Ollama Just Became an OpenClaw Provider

Five days ago, local AI stopped being a hobbyist thing. You probably missed it.

Ollama 0.18 shipped with native OpenClaw integration. Not a hack. Not a custom baseUrl workaround. A real auth provider that slots into OpenClaw's onboarding flow next to Anthropic and OpenAI.

What changed: local models now get the same orchestration that made Claude Code useful. Tool calling. Multi-agent session spawns. Permission boundaries. Context management. No API cost. No data leaving your network.

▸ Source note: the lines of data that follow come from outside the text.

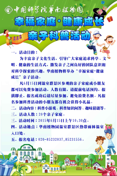 为丰富亲子文化生活,引导广大家庭追求科学、文明、健康的生活方式,激发亲子之间良好的团队意识和对科学探索的兴趣,华南植物将举办“幸福家庭·健康成长”亲子活动。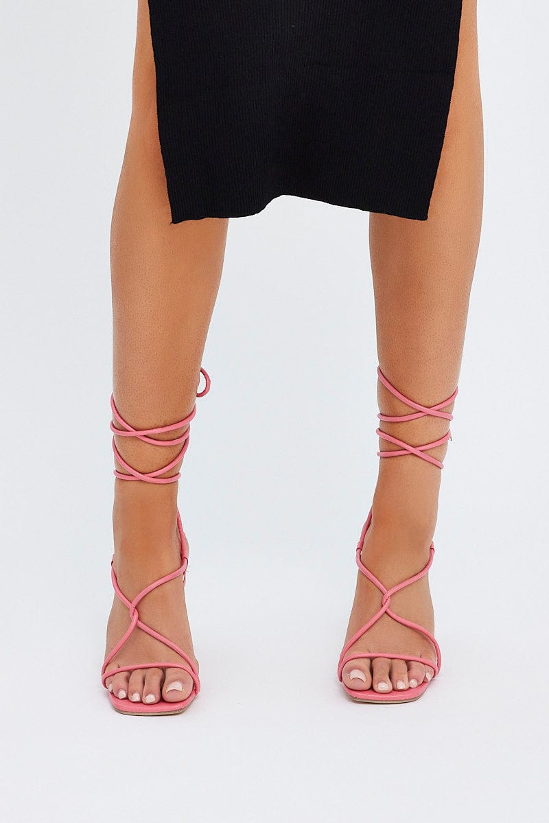 Pink Strappy Tie Leg Heeled Sandals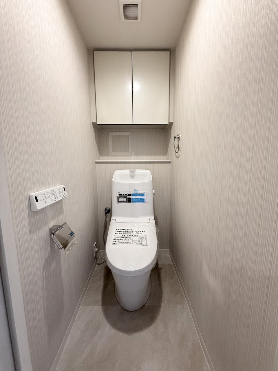 上部に収納棚があり、トイレットペーパーや掃除用具をスッキリ収納できます!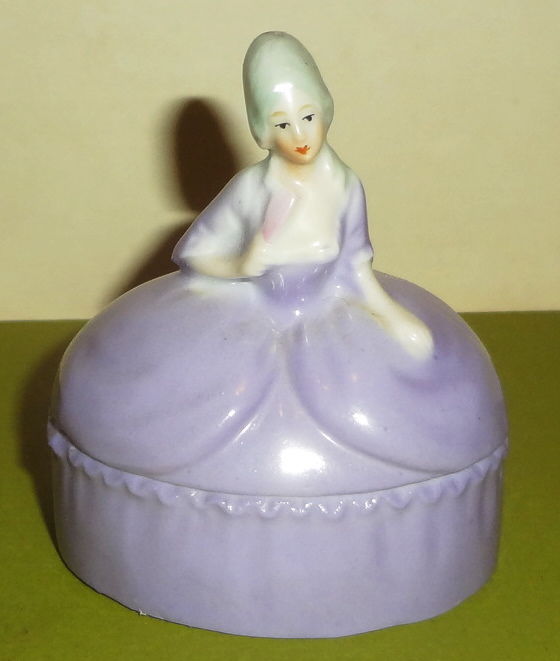 e1900''s GERMAN porcelain LADY & FAN HALF DOLL TRINKET BOX powder - 3"h x 2 1/2"w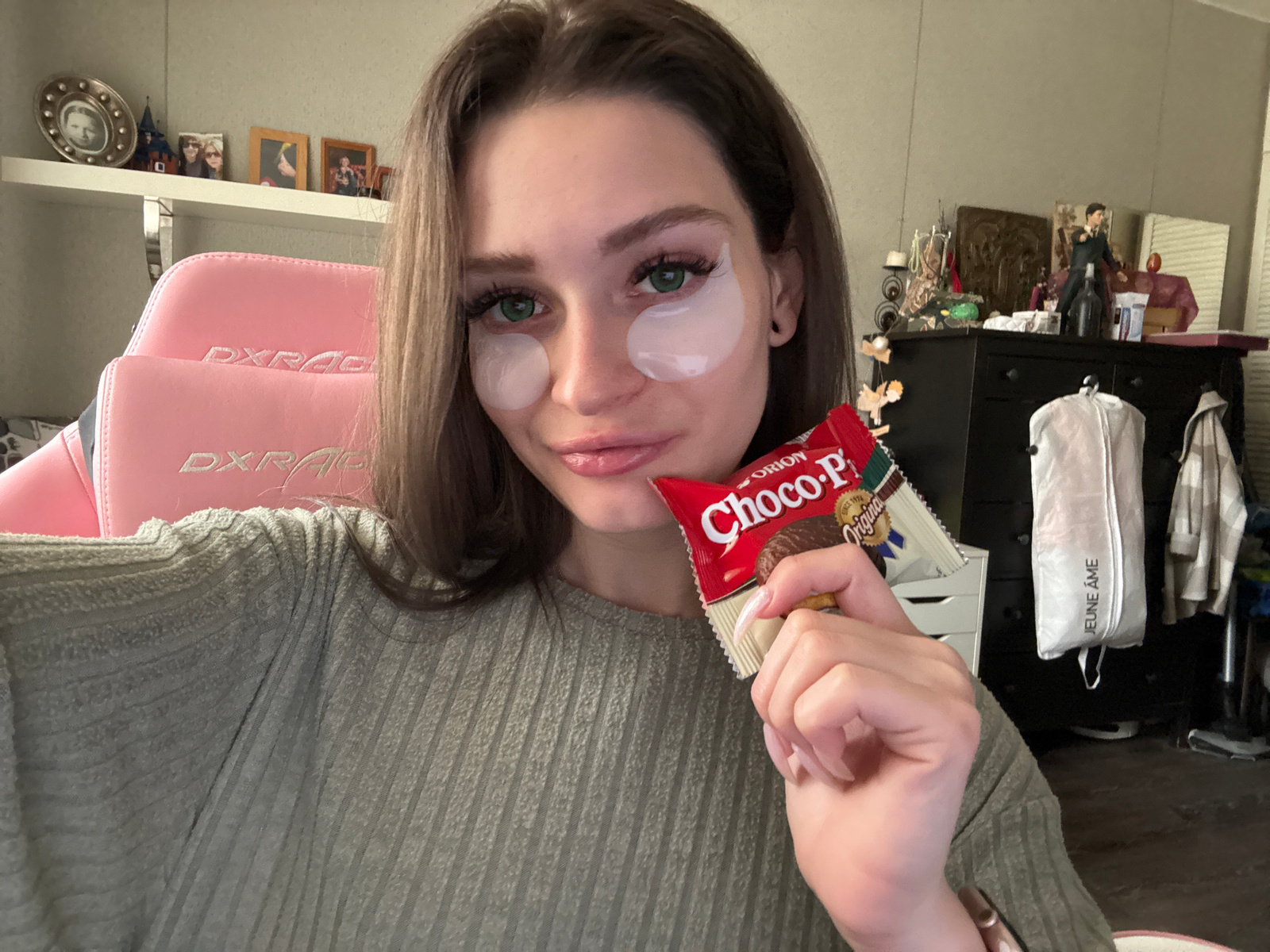 A person with fair skin, long brown hair, and green eyes is holding a package of Choco-Pie by Orion near their face. They have what appear to be eye patches on their face. The person is wearing a ligh…read more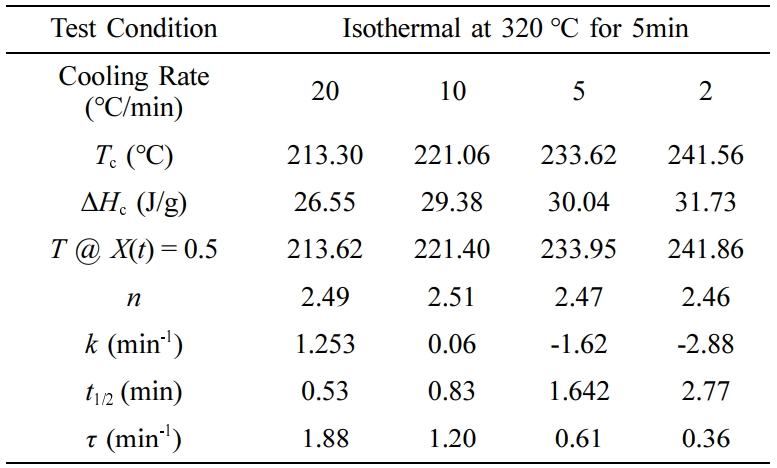 통하여 수지가 결정화되는 형태를 예측할 수 있다. Avrami equation을 적용한 시험결과를 Table 3에 정리하였다. 결정성장 속도상수의

I've shipped both local model deployments and cloud orchestration at production scale. The gap between "runs on my laptop" and "runs my workflow" has always been the permission model. Ollama 0.18 closes it.

What you need

Ollama 0.18 or later (shipped Mar 14, 2026)
OpenClaw 2026.3.7+ (native Ollama provider support)
16GB+ RAM for local models (8GB works for smaller ones like glm-4.7-flash)
Optional: Ollama cloud account for hybrid local+cloud mode

bash

# Install Ollama
curl -fsSL https://ollama.com/install.sh | sh

# Check the version
ollama --version  # Should show 0.18.0+

# Install OpenClaw if you haven't
npm install -g openclaw

# Confirm Ollama shows as a provider
openclaw providers list | grep ollama

Why native beats the old `/v1` hack

Before 0.18, connecting local models to OpenClaw meant manual config edits:

json

{
  "providers": [
    {
      "id": "ollama-custom",
      "baseUrl": "http://localhost:11434/v1",
      "apiKey": "not-needed"
    }
  ]
}

This sort of worked. Tool calling broke, though. OpenClaw expected OpenAI-compatible /v1 responses, but Ollama's /v1 mode is "best effort" compatibility. It outputs raw JSON instead of structured tool_calls objects.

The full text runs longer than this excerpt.